Design, Synthesis, and Diverse Applications of Cu-Based Photocatalysts: A Review

With the increasing variety of Cu-based semiconductor nanomaterials and the development of synthesis technology, the crystal shape and morphology of semiconductor materials have become controllable factors. Due to their low price, abundant reserves, and suitable band gap, Cu-based semiconductor nanomaterials have bright application prospects for the treatment of photocatalytic environments. A comprehensive summary of the basic theory and research progress of Cu-based semiconductor nanomaterials, such as crystal design, morphology control, and photocatalytic modification strategies and mechanisms, is indispensable. However, a comprehensive review of this aspect has not been reported recently.

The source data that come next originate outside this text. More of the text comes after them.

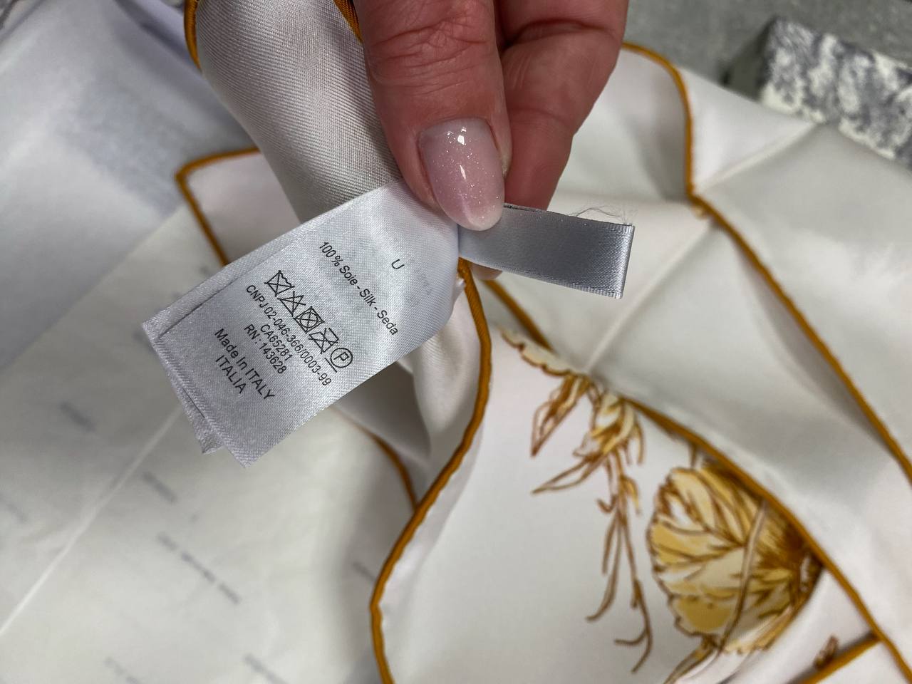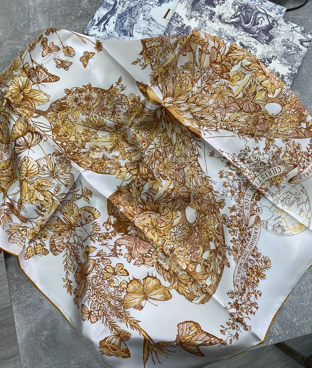 Платок Christian Dior LUX-116886, представленный на изображении, — это изысканный аксессуар, сочетающий в себе элегантность и стиль. Белый фон платка украшен рисунком в виде цветов и бабочек в коричневых тонах, что придает ему женственность и легкость. Этот платок станет прекрасным дополнением к вашему образу, добавляя ему изысканности и шарма.
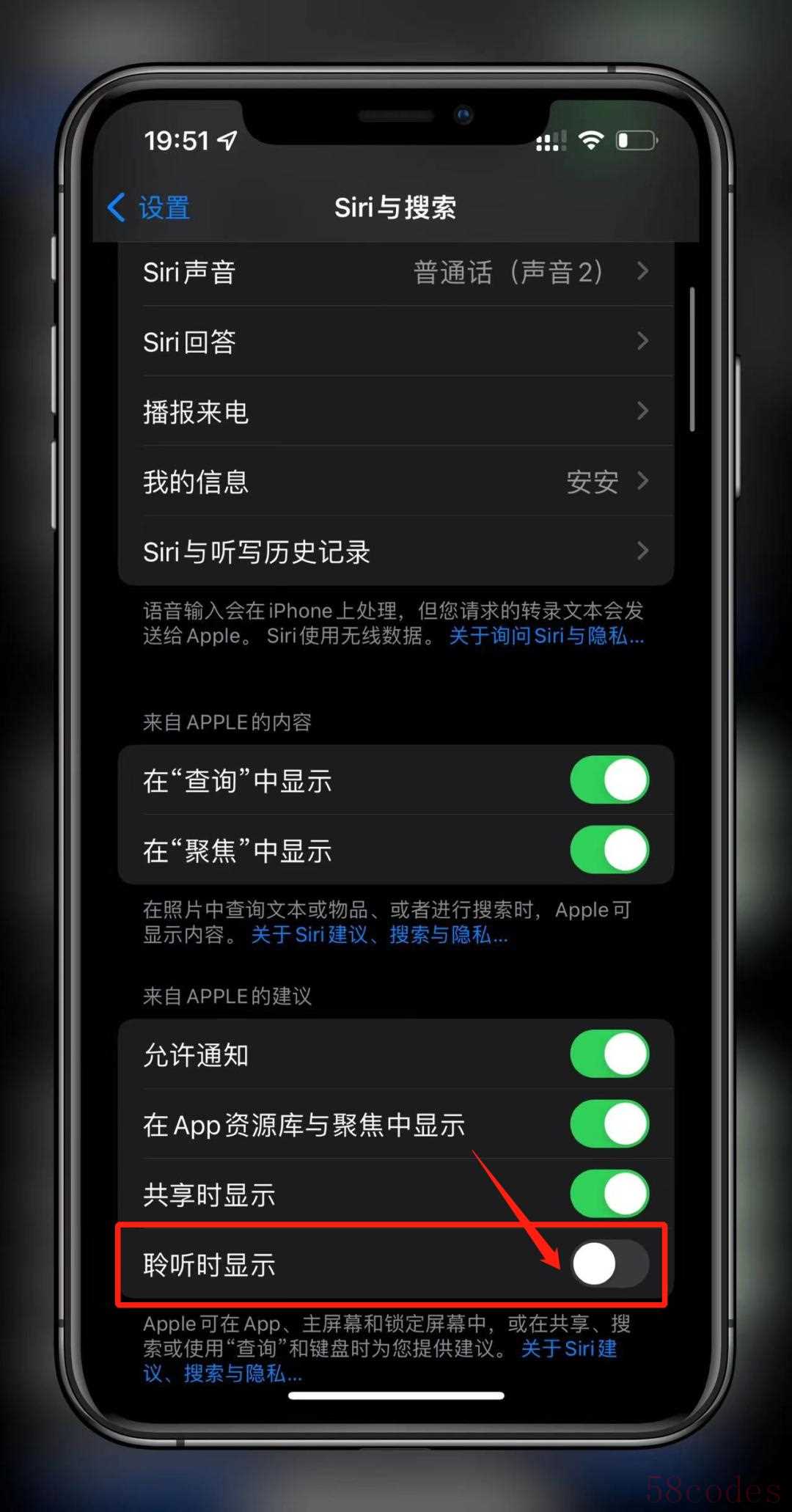 第️2步:下滑找到【聆听时显示】,把它关掉。
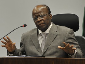 O ministro Joaquim Barbosa durante entrevista coletiva no Supremo Tribunal Federal
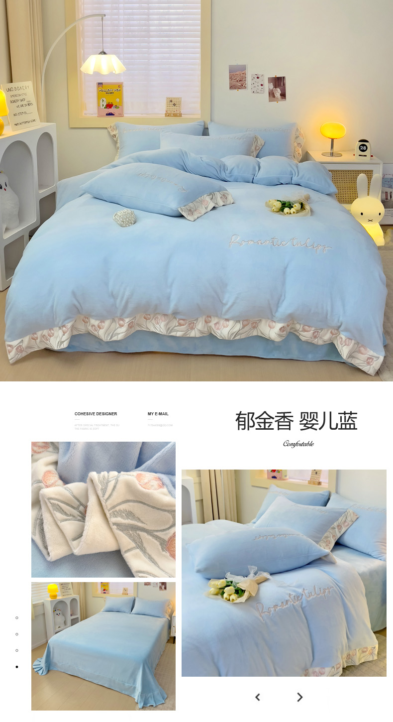 (总)星尚家纺 2024新款全消光A类230g牛奶绒刺绣保暖绒四件套-郁金香,淡雅粉,梵星绿,高级灰,蔷薇紫,婴儿蓝,樱花粉
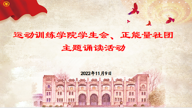为深入学习宣传贯彻党的二十大精神,不断增强系列学习实践活动的吸引力、感染力和实效性,运动训练学院不断创新学习形式。学院学生会、正能量社团以“以青春之名 献礼党的二十大”为主题,举办线上学习二十大精神主题朗诵活动。运动训练学院团委副书记吴海艳、2022级年级辅导员刘宸以及学院学生会、正能量社团全体成员参加本次活动。主题朗诵活动由学院正能量社团杨易萍同学主持。
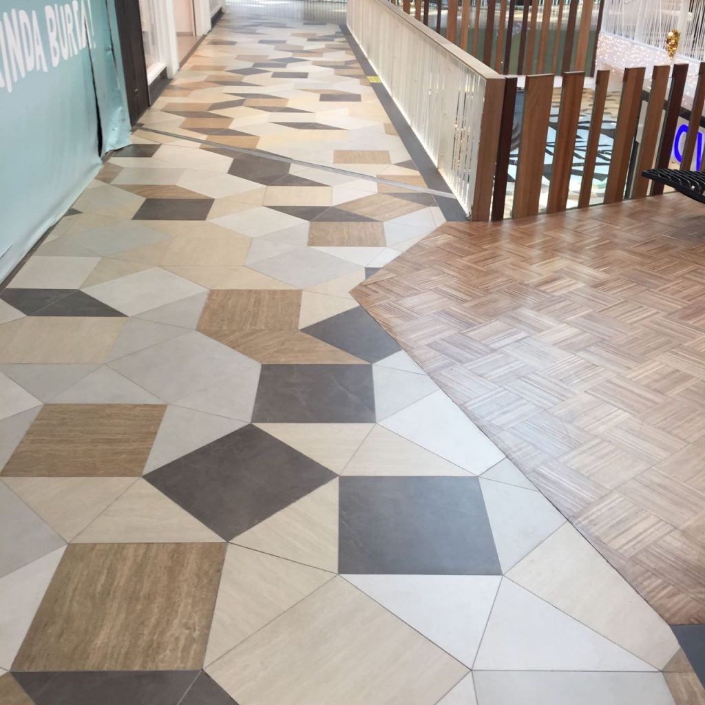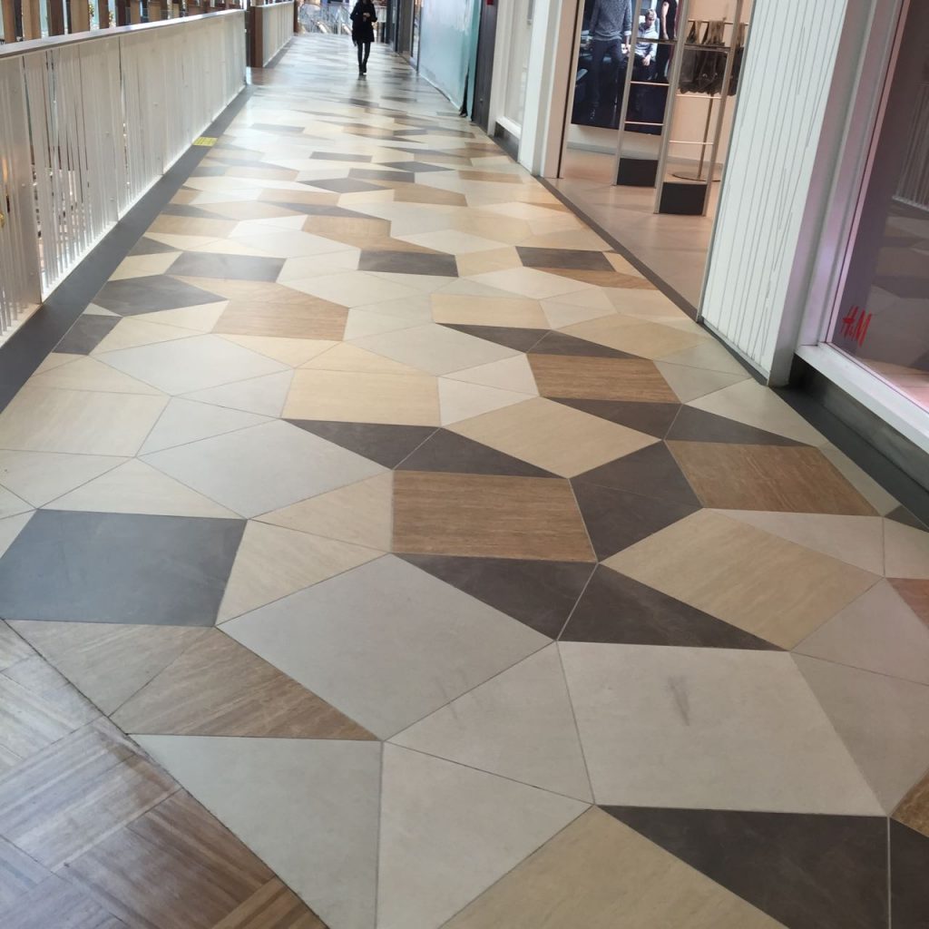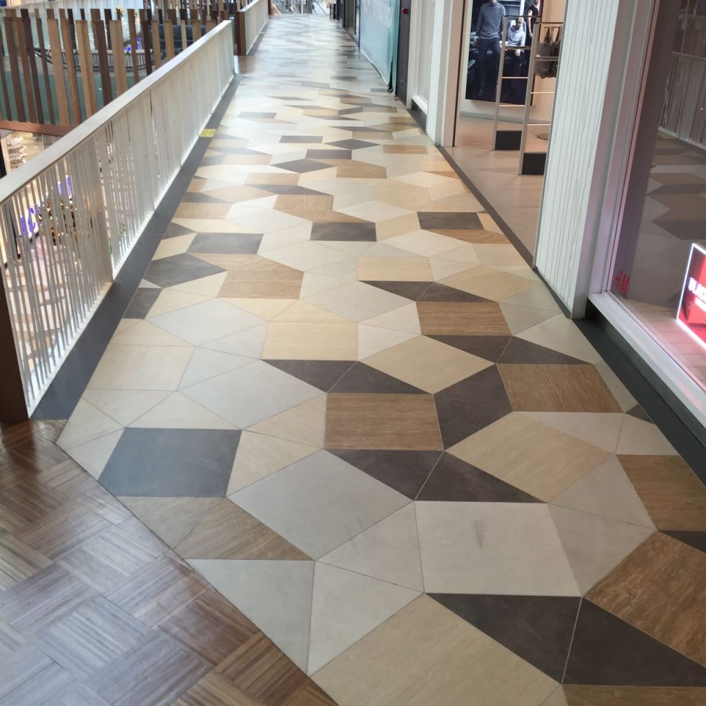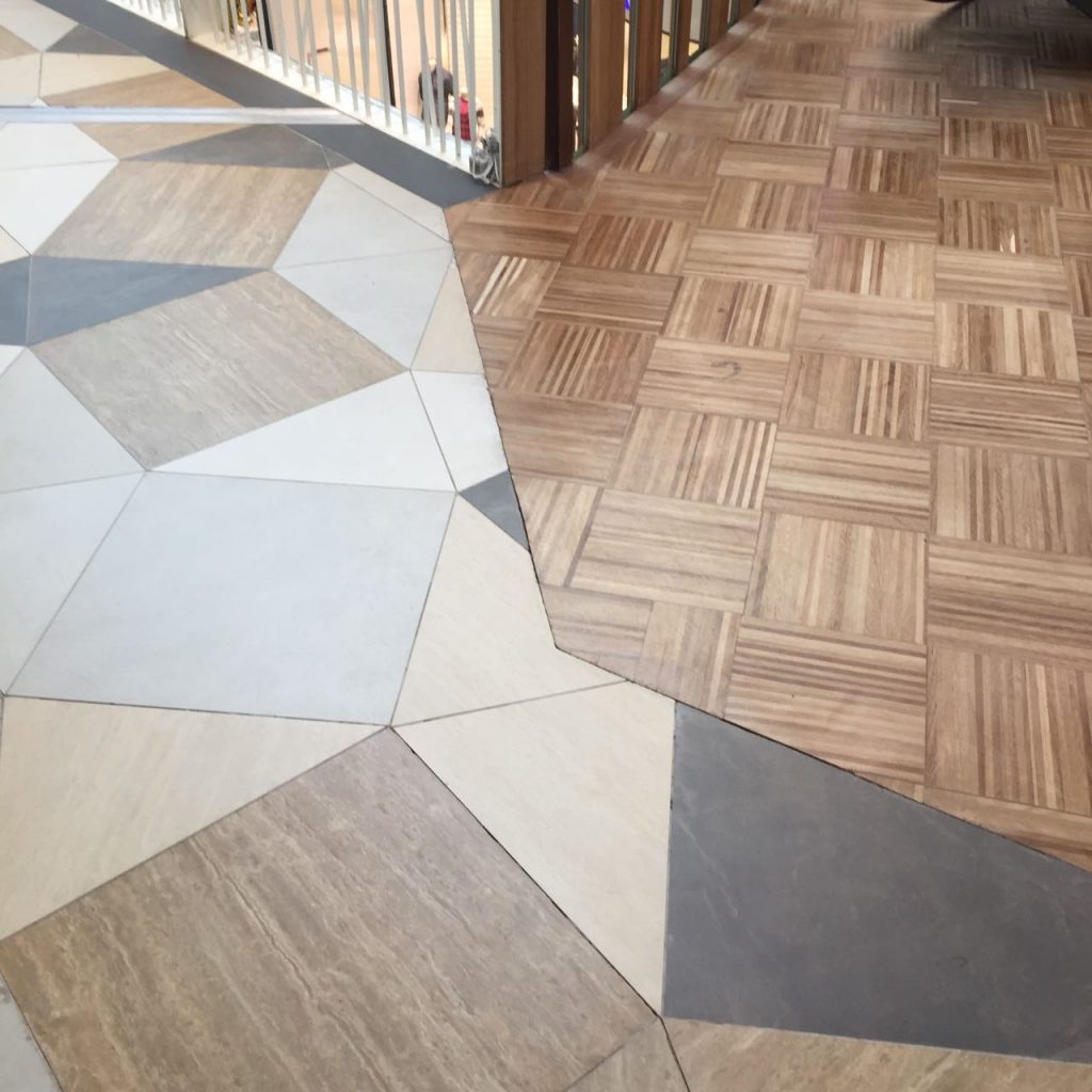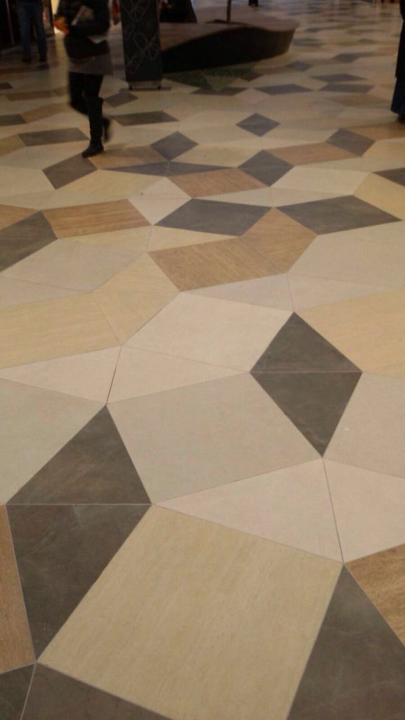 – Modular ceramic tile and Walnut Travertine floor covering.

This review summarizes the synthetic methods of copper oxides (CuO, Cu2O), copper sulfides (CuS, CuxS, Cu2S), copper selenides (CuSe, Cu2–xSe, Cu2Se), as well as other novel Cu-based semiconductor nanomaterials such as CuFe2O4, Cu3N, Cu5V2O10, CuCo2O4, CuWO4, Cu3P, and the application strategies and mechanisms in photocatalytic removal of pollutants, photocatalytic hydrogen evolution, and photocatalytic reduction of CO2. The summary of synthesis methods and crystal surface control is beneficial for the preparation of better catalysts. We firmly believe that this review can provide valuable information for the further development of Cu-based semiconductor nanomaterials.